「学校に行けなくなったうちの子は、これからどこで過ごせばいいんだろう」
「家にいる時間が長くなって、このままで大丈夫なのかな」
「学校以外にも、安心して過ごせる居場所はあるのかな」
小学生が学校に行きづらい時期の居場所は、学校だけではありません。
家庭、学校内の別室、教育支援センター、フリースクール、オンライン、地域の活動など、いくつかの選択肢があります。

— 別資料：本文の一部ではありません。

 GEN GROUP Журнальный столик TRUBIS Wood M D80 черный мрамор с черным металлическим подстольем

費用や通い方、出席扱いのことも気になり、気持ちばかり焦ってしまうこともあると思います。
保護者の声小学生の子が学校に行きづらくなりました。
まだ何も決められていませんが、家以外にも安心できる居場所があるのか知りたいです。
ひかりすまいるアドバイザー居場所は、いきなり一つに決めなくても大丈夫です。
この記事では、家・学校・地域・オンラインなどの選択肢を、親御さんが整理しやすいように紹介していきます。

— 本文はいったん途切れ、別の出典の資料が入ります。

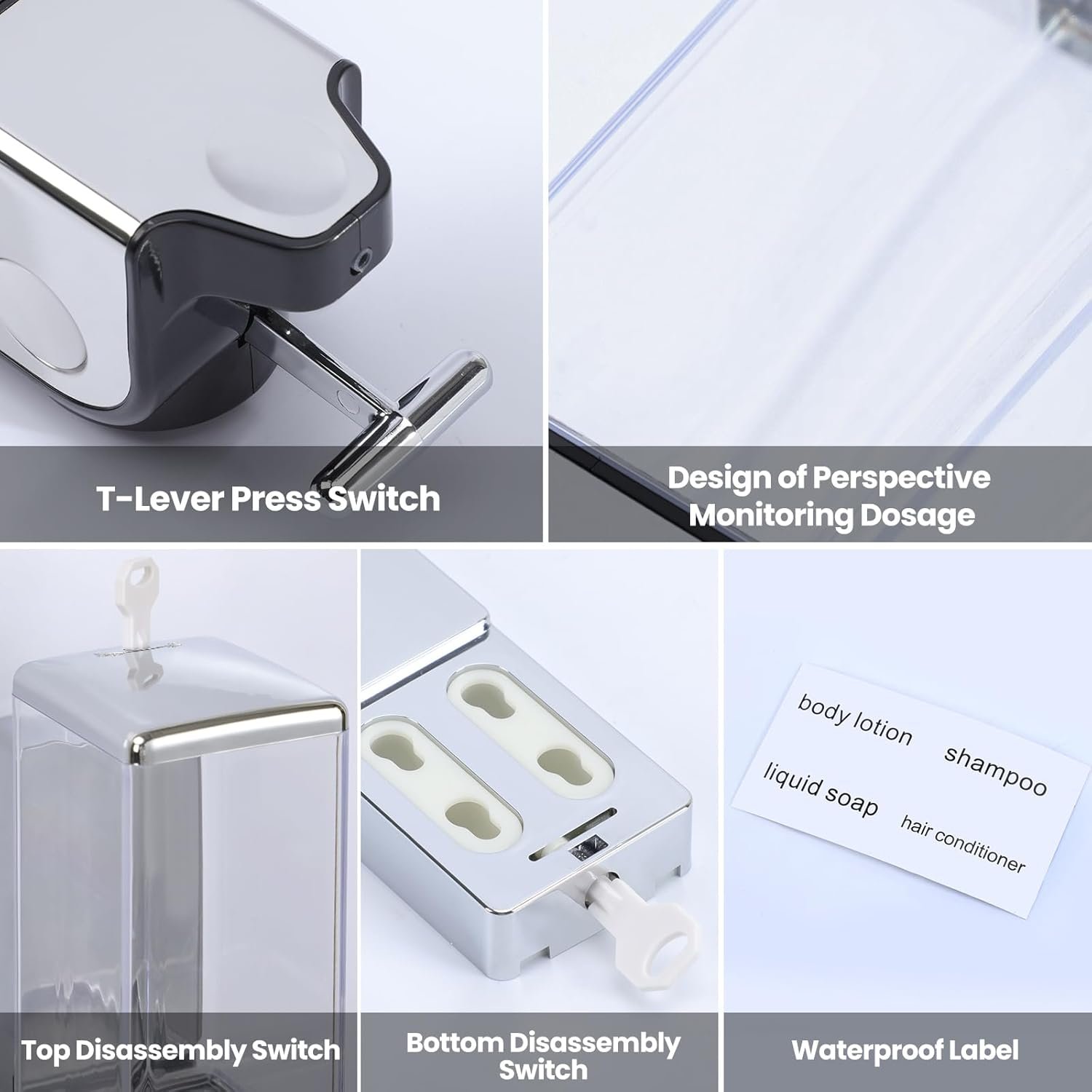 STURDINESS & MULTIFUNCTION: pressure casting t-bar lever soap dispenser makes it easy to dispense,for liquid goods,BODY WASH, SHAMPOO,HAIR CONDITIONER,BODY MILKETC.

この記事では、全国の不登校支援やフリースクール情報を整理しているひかりすまいる編集部が、
- 小学生に居場所が必要な理由
- 家・学校・地域・オンラインの選択肢
- 教育支援センターとフリースクールの違い
- 居場所を選ぶときの確認ポイント
- 行きたがらないときの考え方
について、分かりやすくご紹介します。
無理に急がなくても大丈夫です。まずは「今のお子さんが安心して過ごせる場所はどこか」を、一緒に整理していきましょう。

「学校に行けない日」も、家からつながれる学び場があります。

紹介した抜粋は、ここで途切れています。